Расхождение коренится в том способе» с помощью которого эти две общины провели границу между свободой и несвободой. В Афинах свободные исключили несвободных из числа людей, и после Солона, который вернул свободу обнищавшим слоям населения, попавшим в рабство за долги, между свободой и рабством разверзлась непреодолимая пропасть. Как уже говорилось, соотношение между свободными и рабами в Афинах составляло один к четырем; во всяком случае, таковым оно представляется в разные моменты V-IV веков. Огромная масса не-людей необходима для функционирования системы, которая в действительности питалась, пока могла, за счет грабительских войн и имперской власти. Рабы — основа как домашнего, так и общественного хозяйства. Даже самый нищий, самый жалкий человек имеет хотя бы одного раба, например «сократовский» Эскин, непосредственный ученик Сократа, дошедший, если верить свидетельству Лисия, до того, что принялся обхаживать семидесятилетнюю травницу в надежде унаследовать ее лавку. В общественном хозяйстве, в частности на рудниках, рабами управляют и надзирают за ними наемные рабочие, сами находящиеся в подчиненном положении; в домашнем надзор за рабами осуществляют женщины, которые тоже не причислены к людям, не обладают никаким значением и попросту не существуют для афинской политики. В Спарте социальное расслоение наложилось на кастовое и этническое, между господствующими дорийцами и покоренным местным населением, низведенным захватчиками к различным степеням и формам зависимости. Но чистокровные спартанцы, или «спартиаты», так же как и «чистокровные» афиняне, пользовались «свободой и равенством». Если они были вынуждены с помощью террора держать в повиновении покоренные народы, то в основном из-за внушающей тревогу численной диспропорции не в свою пользу. Большинство афинских рабов прозябали в рудниках, скованные, в дурном, спертом воздухе, как о том повествует Плутарх, упоминая о рабах Никия («Жизнеописание Красса», 34, 1). Трудно отрицать, что такие условия гораздо хуже, чем условия жизни илотов[90], которым по крайней мере было гарантировано право на пользование какой-то частью плодов их труда.
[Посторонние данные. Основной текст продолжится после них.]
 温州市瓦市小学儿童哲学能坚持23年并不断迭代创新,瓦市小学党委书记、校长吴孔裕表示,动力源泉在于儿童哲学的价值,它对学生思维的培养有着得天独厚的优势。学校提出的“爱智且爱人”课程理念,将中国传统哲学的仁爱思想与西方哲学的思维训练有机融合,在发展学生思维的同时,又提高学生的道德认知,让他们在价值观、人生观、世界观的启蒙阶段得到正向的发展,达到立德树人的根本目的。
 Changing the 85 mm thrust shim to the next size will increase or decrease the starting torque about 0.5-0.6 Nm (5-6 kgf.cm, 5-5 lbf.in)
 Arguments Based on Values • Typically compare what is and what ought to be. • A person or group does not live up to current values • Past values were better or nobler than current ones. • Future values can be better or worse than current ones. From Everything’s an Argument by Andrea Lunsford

Расширение числа граждан — то, что однозначно отличает афинскую модель от спартанской, — таким образом, неразрывно связано с рождением морской империи. Эту империю сами моряки-«демократы» стали с течением времени осознавать как универсум, населенный подданными, которых можно «выжимать» досуха, как тех же рабов. Знаком солидарности с союзниками считалось распространение на союзнические общины демократической системы (то есть предоставления гражданских прав неимущим). Следовательно, несмотря на империалистическую эксплуатацию со стороны Афин, какая-то часть общества в союзнических городах всегда находила приемлемым союз с Афинами, скрепляемый именно внедрением — полюбовно или же силой — политической системы головного государства. Таким образом, вне зависимости от наличия или отсутствия численного большинства, в союзнических, или подчиненных, городах всегда имелась база для демократии.
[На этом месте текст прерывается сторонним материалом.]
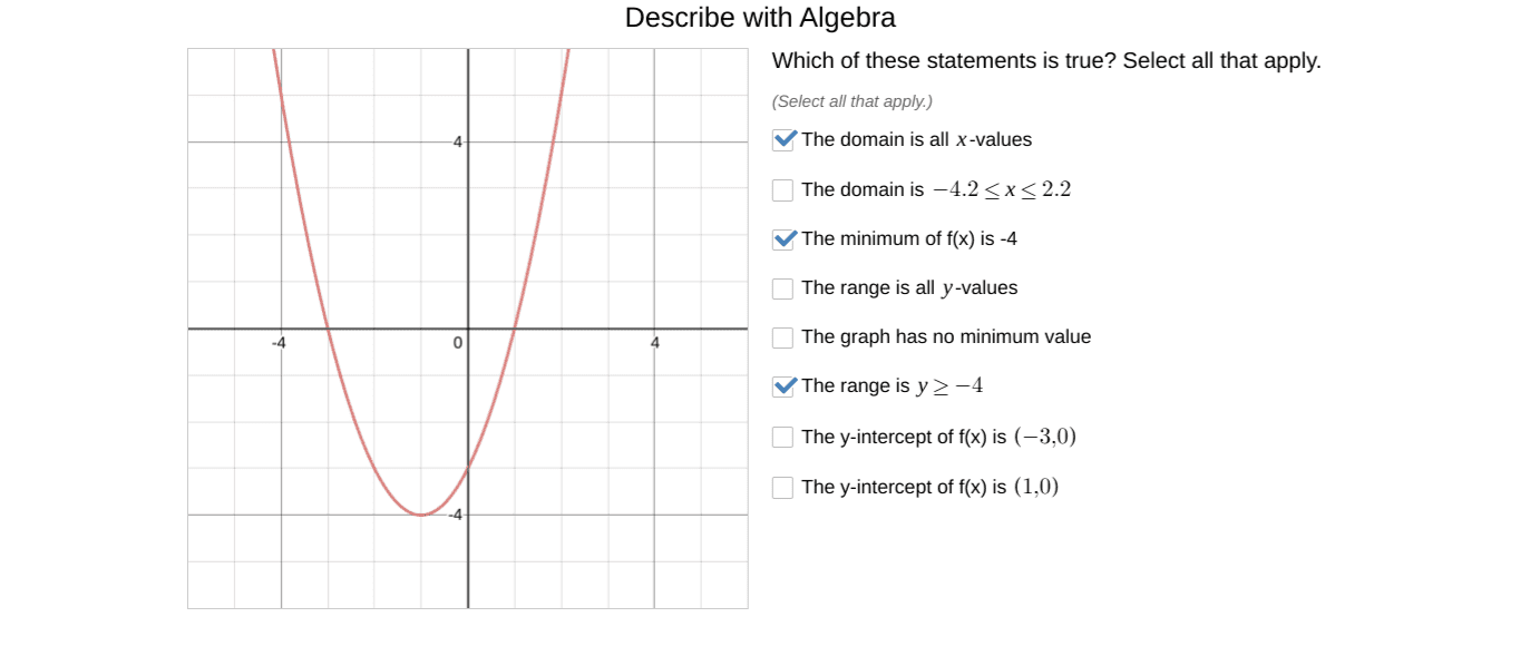 The discussion focuses on understanding domain and range functions in Algebra 2, specifically addressing the correct identification of y-intercepts and x-intercepts on a graph. The y-intercept is confirmed as (0, -3) and the x-intercepts as (-3, 0) and (1, 0). Participants emphasize the importance of attention to detail and suggest reviewing foundational Algebra 1 concepts before progressing to Algebra 2. The conversation highlights common misconceptions regarding minimum y-values and the interpretation of graph portions.

В этой связи следует вспомнить, что участие в принимающих решения народных собраниях, а значит, в самой работе демократии ни в коем случае не было автоматическим, а, наоборот, сопровождалось ограничениями. Можно сказать, что, по мере того как на сцену выходят одни общественные группы, другие с нее удаляются. Данное явление аналогично тому, которое можно проследить в революционном Париже 1794 г. на самом пике драмы Термидора: после падения Робеспьера и ослабления в секциях реального влияния и активного присутствия радикальных «санкюлотов» на смену им приходят другие социальные слои, и «другой народ», если можно его так назвать, становится субъектом того уровня прямой демократии (по античному образцу), какой был достигнут в механизме работы секций. Но к этому мы еще вернемся. Пока достаточно будет вспомнить, что в последней четверти V века до н. э. из числа граждан, то есть порядка 30 тыс. совершеннолетних мужчин в возрасте, пригодном для военной службы, свободных и «чистокровных», на народное собрание почти никогда не являлся кворум в 5 тыс. человек. Об этом заявляют, не боясь обвинения во лжи, олигархи, в 411 году организовавшие антидемократический государственный переворот, имевший целью сократить число граждан как раз до 5 тыс. человек (Фукидид, VIII, 72, 1). Естественно, как всегда делается в подобных случаях, олигархи умолчали о том, что в их намерения входило передать решающую власть другим пяти тысячам (избранным согласно старому критерию, то есть возможности вооружиться за собственный счет), а, следовательно, вывести за пределы гражданства обычные пять тысяч (фетов, моряков и так далее), которыми кишит народное собрание во времена господства радикальной демократии. Так или иначе, даже после полного восстановления демократии в 409 г. до н. э. для привлечения граждан к участию в народном собрании потребовались дополнительные стимулы. Речь идет о пресловутой «диобелии» (плате, равной двум оболам): Аристотель («Афинская полития», 28, 3) приписывает ее введение инициативе Клеофонта, одного из последних народных вождей, действовавших до военного краха 404 г., о которых хоть что-то известно; в любом случае сведения о двух оболах подтверждаются эпиграфическими надписями 410-405 гг. до н. э. Такие стимулы призваны уменьшить абсентеизм неимущих: получив плату, они могут участвовать в собрании, поскольку им возмещен их дневной заработок.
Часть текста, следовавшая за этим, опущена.